LLMの活用でコールセンター業務のさまざまな課題を解決

 NTTテクノクロスの主力製品として、NTTの研究所が長年研究している音声認識技術をベースとしたコールセンターの業務を支援する製品「ForeSight Voice Mining」(以下、FSVM)がある。高い認識精度の音声認識機能と、業務マニュアルやFAQの連携機能など、さまざまな機能を組み合わせて実現した。コールセンターのオペレーター席数の導入実績は全国で5万席以上だ。

 同社は、生成AIの登場時、すぐにFSVMに対する生成AIの組み込みの検討を開始した。その背景には、昨今、顧客のニーズに対応するためにサービスが多様化した結果、コールセンターの応対は多岐にわたり、オペレーターの業務負担は増大していることが挙げられる。

 通常、オペレーターは顧客対応を終了する都度、CRM(顧客関係管理)システムに顧客とのやりとりを要約して入力するアフターコールワークを行う。しかし、オペレーターによって重要だと思うことが異なっていたり、電話対応に追われてこの作業に十分な時間をかけられなかったりして、記録しておくべき応対内容を漏らしてしまうことがある。同社は生成AIがこの要約作成を大幅に効率化すると期待している。

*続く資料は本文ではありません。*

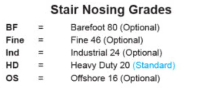 Manufactured from robust substrates such as aluminum, stainless steel, or reinforced fiberglass composites, APEX nosings combine strength with corrosion resistance, ensuring reliable performance over years of demanding use. The top surface is coated with high-friction mineral grit or engineered tread patterns that maximize traction, giving each step confidence and security. Whether installed in offshore platforms exposed to seawater, industrial plants dealing with oil and dust, or high-traffic public facilities, our stair nosings maintain exceptional grip where it is needed most.
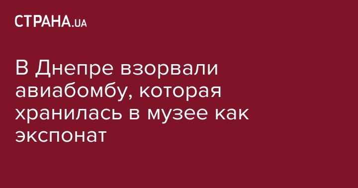 В Днепре обезвредили 500-килограммовую авиабомбу времен Второй мировой войны, которая была экспонатом музея. Об этом 27 октября сообщили в областном управлении Государственной службы по чрезвычайным ситуациям, передает Радио Свобода.
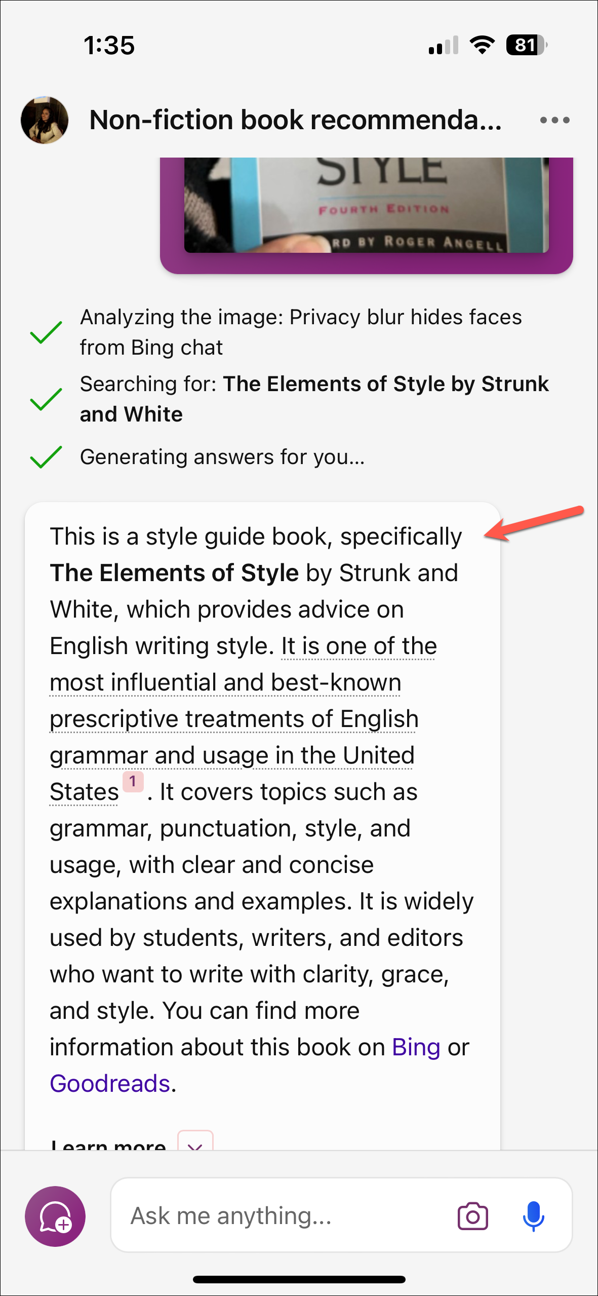 - Bing Chat will analyze the image and answer your query. You can even continue the chat about the image further as it is retained in context.
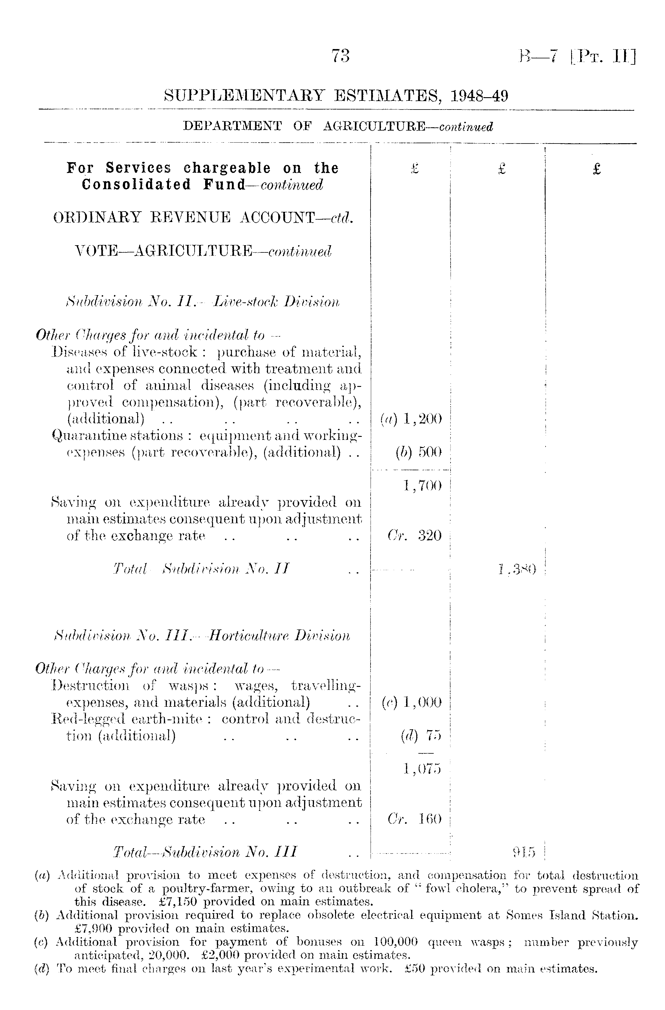 For Services ehargeable on the Consolidated Fund —continued £ £ £ ORDINARY REVENUE ACCOUNT —ctd. Y OTE —AGrRICULTURE—continued Subdivision No. II.—Live-stock Division Other Chargés f or and incidental to — Diseases of live-stock purchase of material, and expenses coimected with treatraent and control of animal diseases (including approved compensation), (part recoverable), (additional) Quarantine stations : equipment and workingexpenses (part recoverable), (additional) .. («) 1,200 (6) 500 Saving on expenditnre already provided on main estimates consequent upon adjustment of the exchange rate 1,700 Cr. 320 Total —Subdivision No. II 1,380 Subdivision No. III.—Horticulture Division Other Chargés for and incidental to — Destruction of wasps: wages, travellingexpenses, and materials (additional) Red-legged earth-mite : control and destruction (additional) (c) 1,000 (d) 75 Saving on expenditure already provided on main estimates consequent upon adjustment of the exchange rate 1,075 Cr. 160 Total —Subdivision No. III 1 915
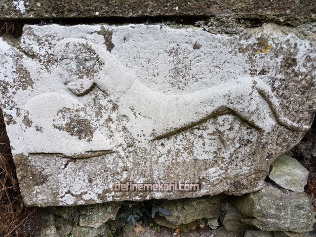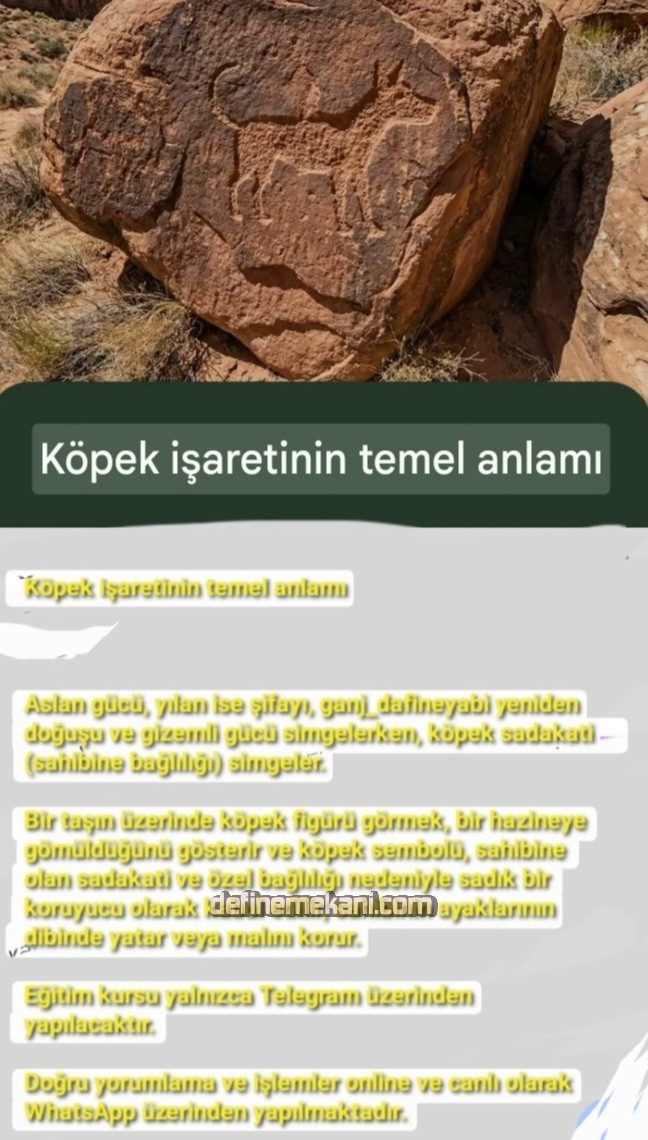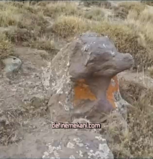 Köpek Diğer Anlamı: Oyma işlenişi daha sık rastlanan olup, Yunan kültüründen Bizans kültürüne doğru sarkan bir simgedir. Gözleriyle ya da bu belirlenemiyorsa kafasıyla baktığı istikamet mezarın olduğu yöndür. Çoğunlukla 3 ila 7 adım arasıdır. Eğer köpek tamamen dört ayağı açık sere serpe yatıyorsa burası mezardır. İçinde armağan olup olmadığı bilinemez. Zira bu motif sadece dini inanıştan kaynaklanan bir uygulamadır. Çevrede sevilip sayılan yaşlı insanlar için ölümlerinin ardından işlenir.
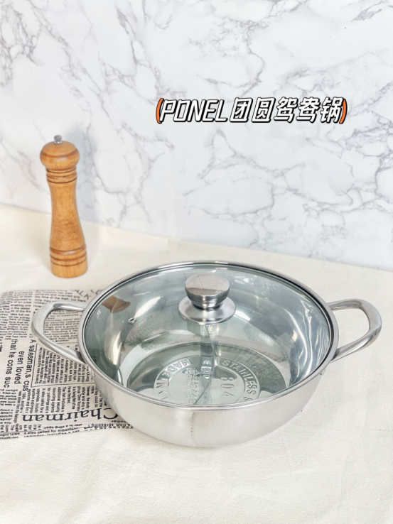 【PONEL团圆鸳鸯火锅】 🔸精选304不锈钢材质,安全放心 🔸双味鸳鸯锅,清鲜劲辣,同锅不串味,解决众口难调问题 🔸精密激光点焊工艺,底部不串味不渗汤 🔸加热快,适合各种炉具 🔸锅身大容量设计,满足大聚会需求
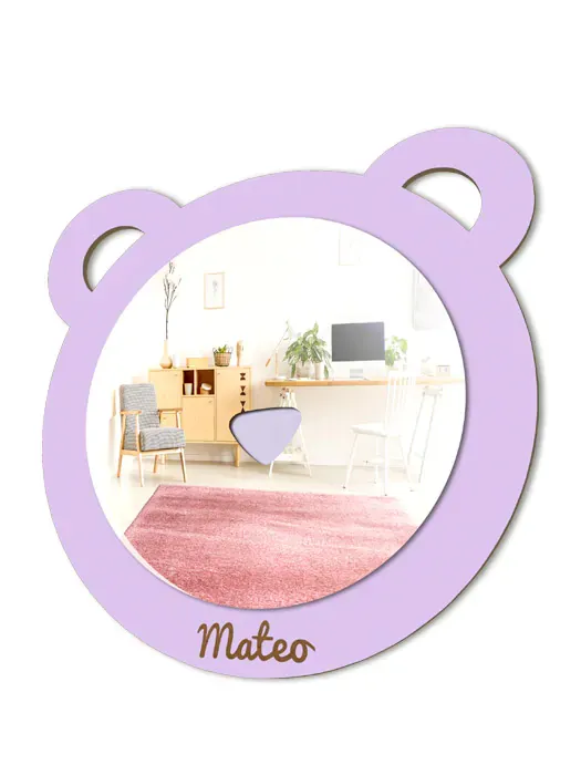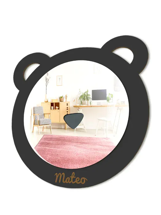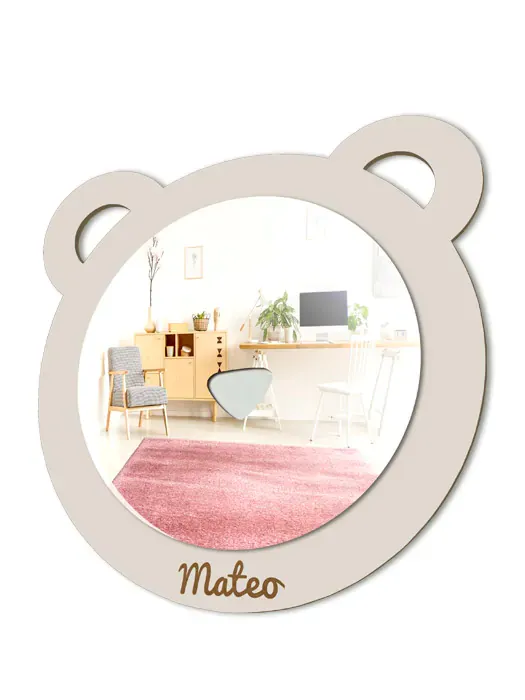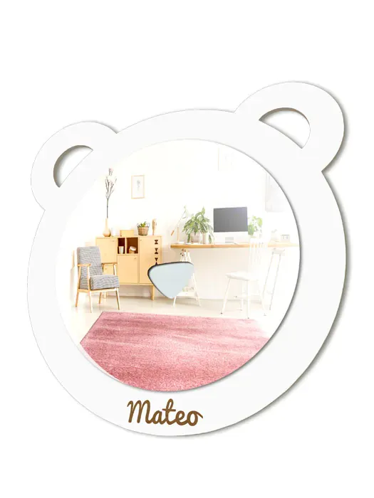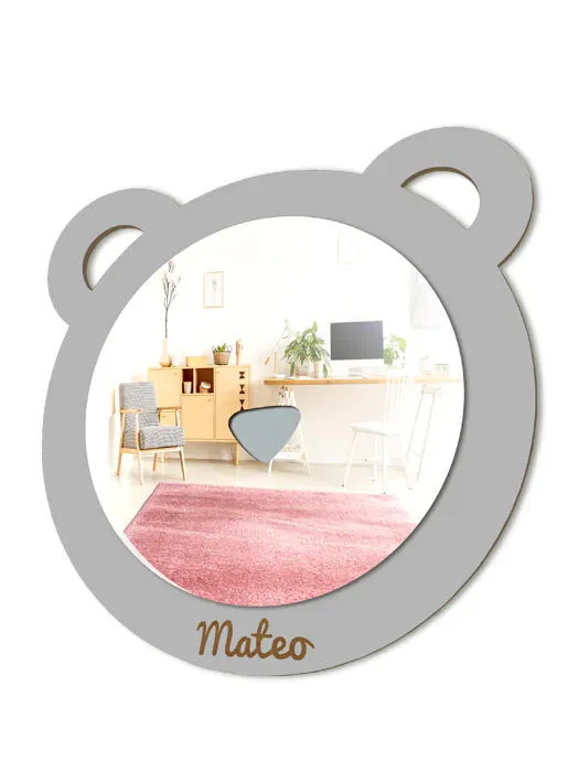 Espejo infantil de Oso para la habitación de los niños, con detalle de nariz para que se rían al mirarse en él.
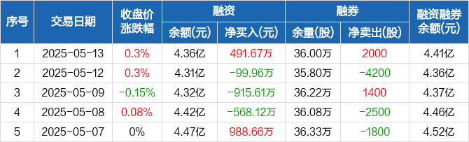 融资方面,当日融资买入1587.34万元,融资偿还1095.67万元,融资净买入491.67万元。融券方面,融券卖出2500股,融券偿还500股,融券余量36万股,融券余额475.88万元。融资融券余额合计4.41亿元。
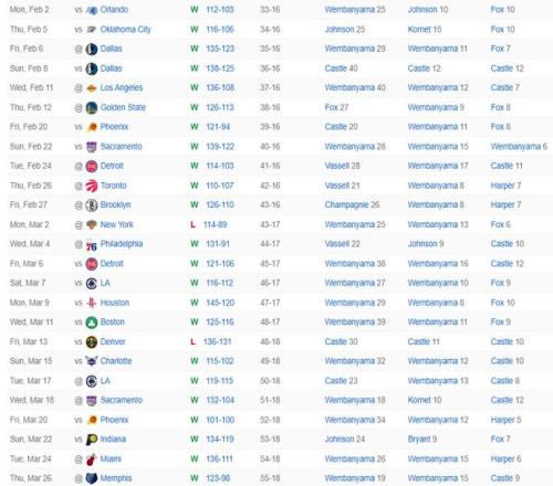 過去的25場比賽馬刺贏下了其中的23場,這23場勝利含金量非常高:魔術(shù)、雷霆、湖人、活塞(2次)、猛龍、綠凱、火箭、快船(2次)、太陽(2次)、熱火。馬刺距離聯(lián)盟第一的雷霆只剩下2個(gè)勝場而已。
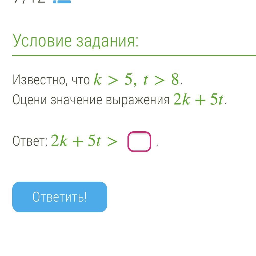 Ответ: 2k+5t>50.
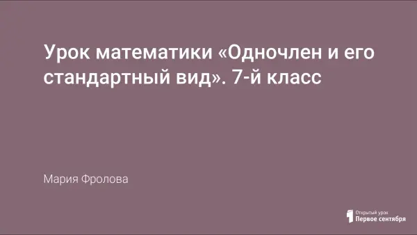 На уроке дети знакомятся с понятием «одночлен», его стандартным видом, степенью одночлена, нахождением значения одночлена. Учащиеся учатся применять знания при решении различных математических заданий. Воспитывается познавательный интерес к предмету, развивается логическое мышление, математическая речь и вычислительные навыки учащихся.
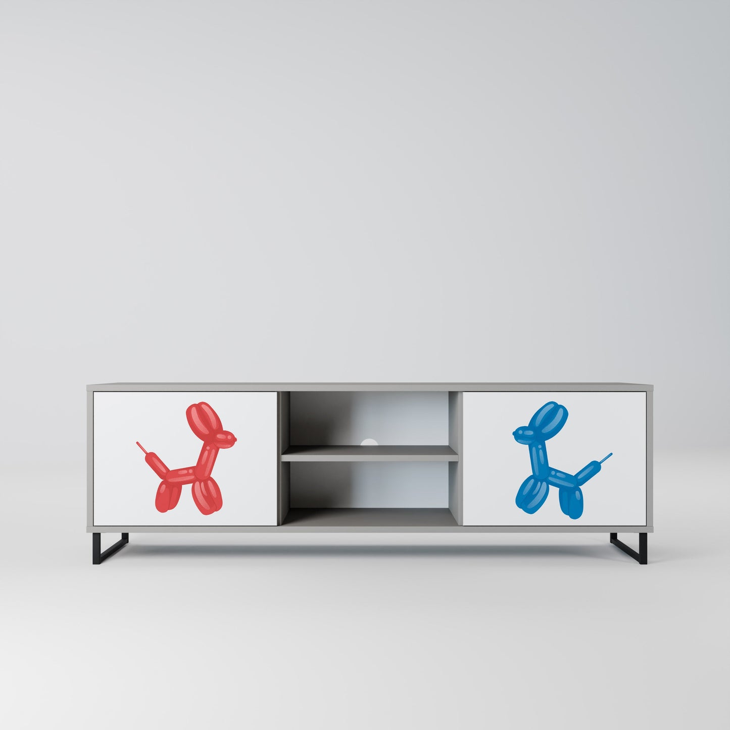 Minimalist design and functionality in one – our 2-door TV stand with a grey body is the perfect solution for fans of modern and industrial interiors alike. Its compact size and unique design make it an ideal choice for the living room, offering stylish and practical storage.
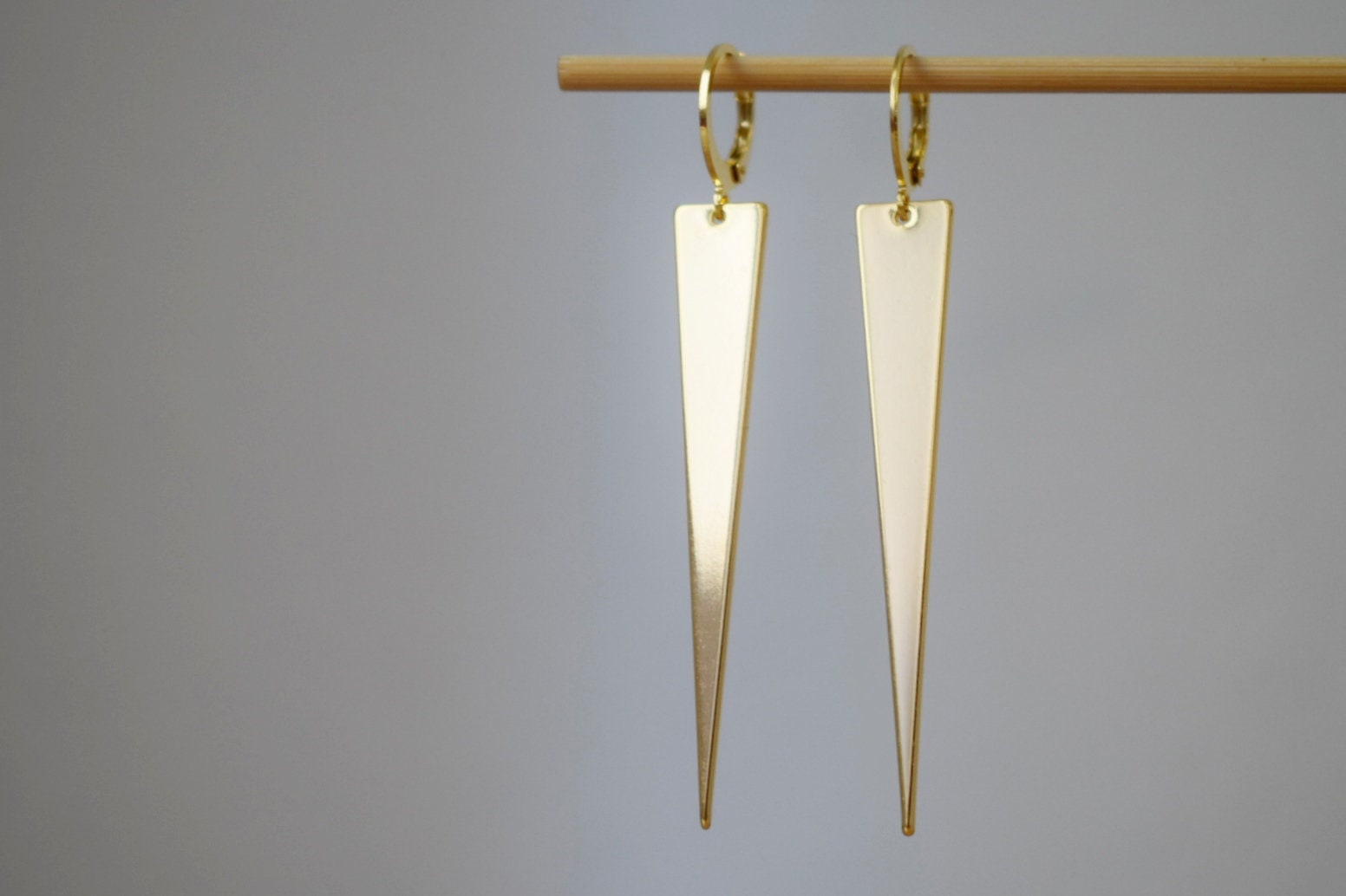Triangle pendant earrings, Huggie hoops, Long geometric hanging dangle and drop earrings, 24k vergoldete stainless steel hoop earrings

生成AIがオペレーターの応対内容を項目ごとに要約(出典:NTTテクノクロスの提供画像)

 要約の次に期待しているのがFAQの作成だ。担当者は、FAQを新たに作成したり最新の情報に保ったりすることに非常に手間がかかっている。生成AIがオペレーターと顧客の会話を学習して自動的にFAQを作成できれば、コールセンターの業務負担が軽減される。さらに問い合わせをしてきた顧客も正しい情報を得ることができる。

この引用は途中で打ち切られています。